Shared ground
Leviticus 16:20–22 presents the Day of Atonement’s closing movement: after the holy place, tent of meeting, and altar have been dealt with, attention shifts to the “live goat.” Aaron presses both hands onto the goat and publicly speaks Israel’s wrongs—described in layered terms and emphasized as “all.” The text then says those wrongs are placed onto the goat and the goat is escorted away and released in the wilderness.
At the level of explicit wording, the goat functions as a removal sign: what has been confessed is carried away from the community’s center to an uninhabited place. The sequence matters: sanctuary-focused rites happen first, then this outward “sending away” act.
Where interpretation differs
One key question is what it means that Israel’s wrongs are “put on” the goat and the goat “bears” them. Some interpreters read this mainly as symbolic transfer and transport: the ritual represents God removing the people’s wrongs from among them. Others think the language also implies the goat, in some sense, carries responsibility or liability—still enacted through ritual symbolism, but with a stronger “substitute carrier” idea.
A secondary question is how much meaning to assign to the “man who is in readiness.” Some take him as a practical escort to make sure the goat truly leaves and does not return. Others see his designation as part of the ritual’s orderliness, even if the text does not spell out special actions for him here.

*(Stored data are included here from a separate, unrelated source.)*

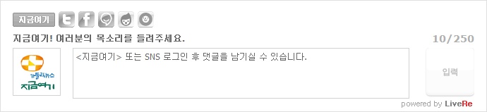 <가톨릭뉴스 지금여기>에서 '소셜댓글'을 지원한다. 소셜댓글이란 트위터, 페이스북 등의 소셜네트워크서비스와 웹페이지가 연동되어 달리는 댓글을 일컫는다.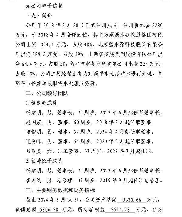 山西水投碧源水处理有限公司2023年度财务等重大信...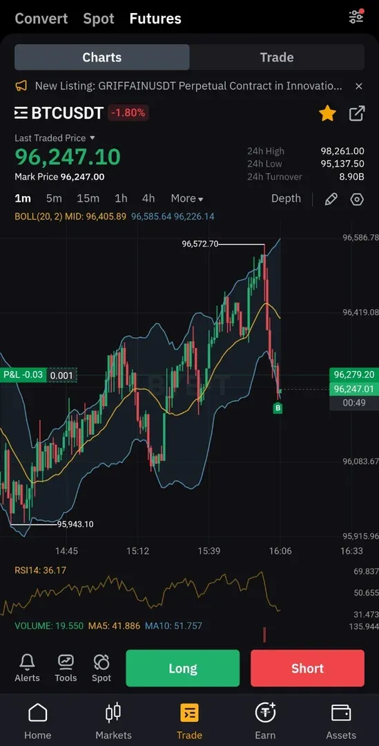 1분봉상 rsi가 30근처에서 돌아나오려는 듯한 움직임과 1분봉에서 양봉이 잡히려는 움직임이 포착되어 스켈핑관점에서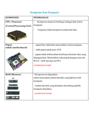 Dokumen ini menjelaskan berbagai komponen utama dalam sistem komputer, termasuk CPU, motherboard, RAM, dan penyimpanan seperti hard disk dan CD/DVD drive. Setiap komponen memiliki fungsi spesifik, seperti memproses data, menyimpan informasi, dan memberikan output. Selain itu, terdapat komponen pilihan seperti modem dan web camera untuk kebutuhan tambahan.

Why the disagreement exists
The verbs and images do more than one thing at once: hand-pressing plus spoken confession plus “putting on the head” suggests transfer, while “bear” can be heard as either “carry away” or “carry as a burden.” Also, “solitary land” and “wilderness” can be taken as simple distance from camp or as a place that highlights exclusion and separation.

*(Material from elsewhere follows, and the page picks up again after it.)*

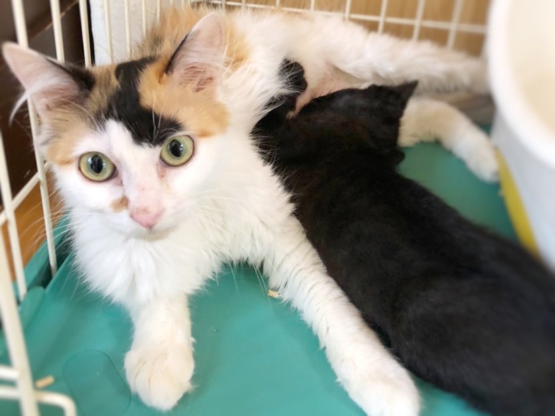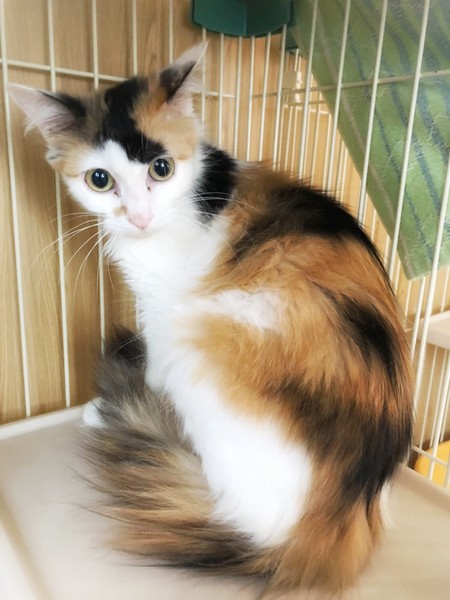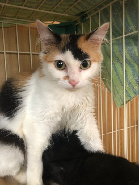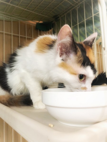 | 特徴(性格など) | まだ人にはシャーシャーとは言いますが機嫌がいいと触る事もできます。 気に入らないと噛もうとする時もあります。 人慣れしてくれるようにブラッシングしながらコミニケーションをとってます。 甘えたさんになる時もあるので時間をかけながらご家族に迎えてあげてほしいです。 子供は生後3ヶ月ぐらいになっていますがまだおっぱいを欲しいがるので飲ませたり、グルーミングしたり愛情を注いでくれる優しいお母さん猫です |

What this passage clearly contributes
This passage adds a distinct emphasis to the Day of Atonement: wrongdoing is not only addressed within sacred space (v.20’s completed rites) but is also publicly named and then removed from the community’s midst. The text’s repeated “all” underlines comprehensiveness: the confession is meant to cover the full range of Israel’s covenant-breaking, and the goat’s departure dramatizes that what has been confessed is taken away to a place outside ordinary life.